I farmaci antiangiogenici agiscono inibendo l’attività di un fattore di crescita (VEGF) che rappresenta lo stimolo più importante alla crescita neovascolare.

8. Cos’è il ranibizumab (Lucentis®)?
Il Lucentis® è un farmaco costituito da un frammento di anticorpo umano che lega il VEGF. Agisce inibendo la formazione di neovasi, tipici della forma neovascolare dell’AMD.

9. La terapia con ranibizumab (Lucentis®) è efficace? Come sono i risultati?
Ranibizumab ha dimostrato essere efficace nel mantenere la visione nel 95% dei trattati e di addirittura migliorare di 3 o più linee l’acuità visiva in circa il 34-40%.

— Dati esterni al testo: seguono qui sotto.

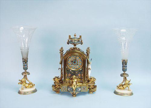 An antique French 3 piece champleve, crystal and gilt bronze clock set. The champleve faced clock with Roman numerals, decorated with a sitting putto and several animal heads, surmounted with a champleve urn. 16 1/2" high. Accompanied by a pair of etched crystal vases, each in form of a "horn-of-plenty", supported by a bronze putto on a champleve framed onyx base. Each 18 1/4" high.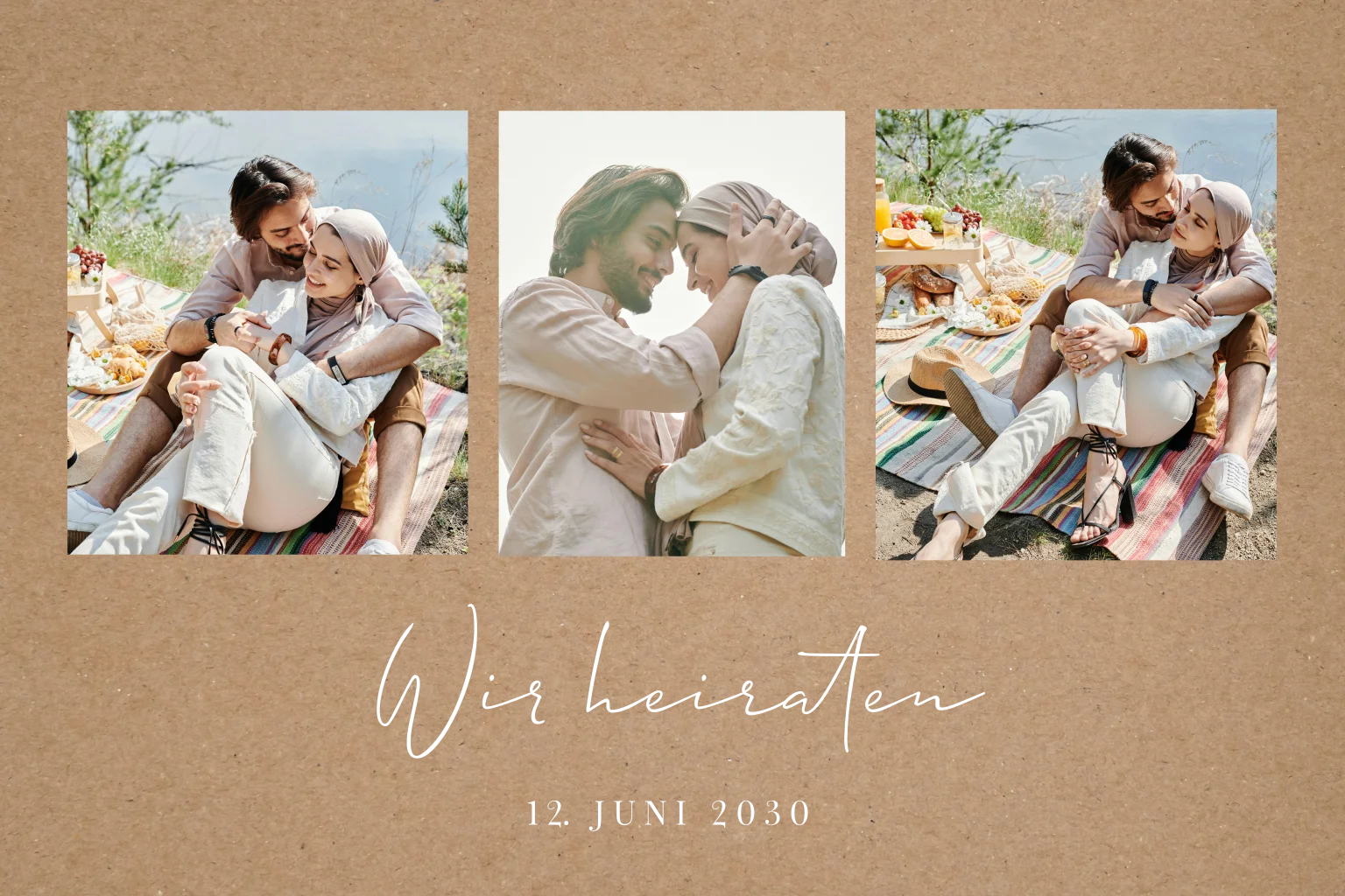 Moderne Hochzeitseinladung im Kraft-Look mit drei Fotos und Goldfolie. Dieses Design ist perfekt für Paare, die nach einer natürlichen und stilvollen Einladung suchen.

10. Com’è somministrato il ranibizumab (Lucentis®)?
Il Lucentis® è somministrato sottoforma di iniezione intraoculare. Solitamente si inietta una volta al mese ma degli studi sono in atto per cercare di estendere il periodo tra le somministrazioni a seconda della risposta del paziente. Dapprima il suo oculista le sterilizzerà l’occhio da iniettare, poi sentirà una breve pressione ed una piccola puntura. A questo punto il farmaco verrà iniettato all’interno dell’occhio . Generalmente le iniezioni intravitreali sono ben tollerate.

11. Cosa devo evitare quando sono in trattamento con ranibizumab (Lucentis®)?
Non ci sono limitazioni di cibi, bevande o attività, a meno che il suo oculista non le abbia detto altrimenti.

12. Quali sono i possibili effetti collaterali da ranibizumab (Lucentis®)?
Gli effetti indesiderati più comuni sono problemi lievi all’occhio dovuti all’iniezione stessa più che al farmaco. Per questo è importante che l’iniezione sia effettuata in un ambiente asettico e controllato. Gli effetti collaterali gravi, che possono essere associati a perdita visiva, hanno invece un’incidenza bassa.

13. Cos’è il bevacizumab (Avastin®)?
Il bevacizumab è un anticorpo monoclonale murino umanizzato diretto contro il VEGF-A umano. Presenta analogie con il ranibizumab, sebbene sia il processo di produzione che il peso molecolare differiscano. È stato approvato dell’FDA per il trattamento del cancro del colon metastatico nel 2004, il suo utilizzo intravitreale nell’AMD è quindi off-label. Al momento i risultati disponibili sull’efficacia del farmaco si basano su osservazioni anedottiche e su dati preliminari di studi dalla limitata numerosità. In generale, i risultati sembrano essere positivi.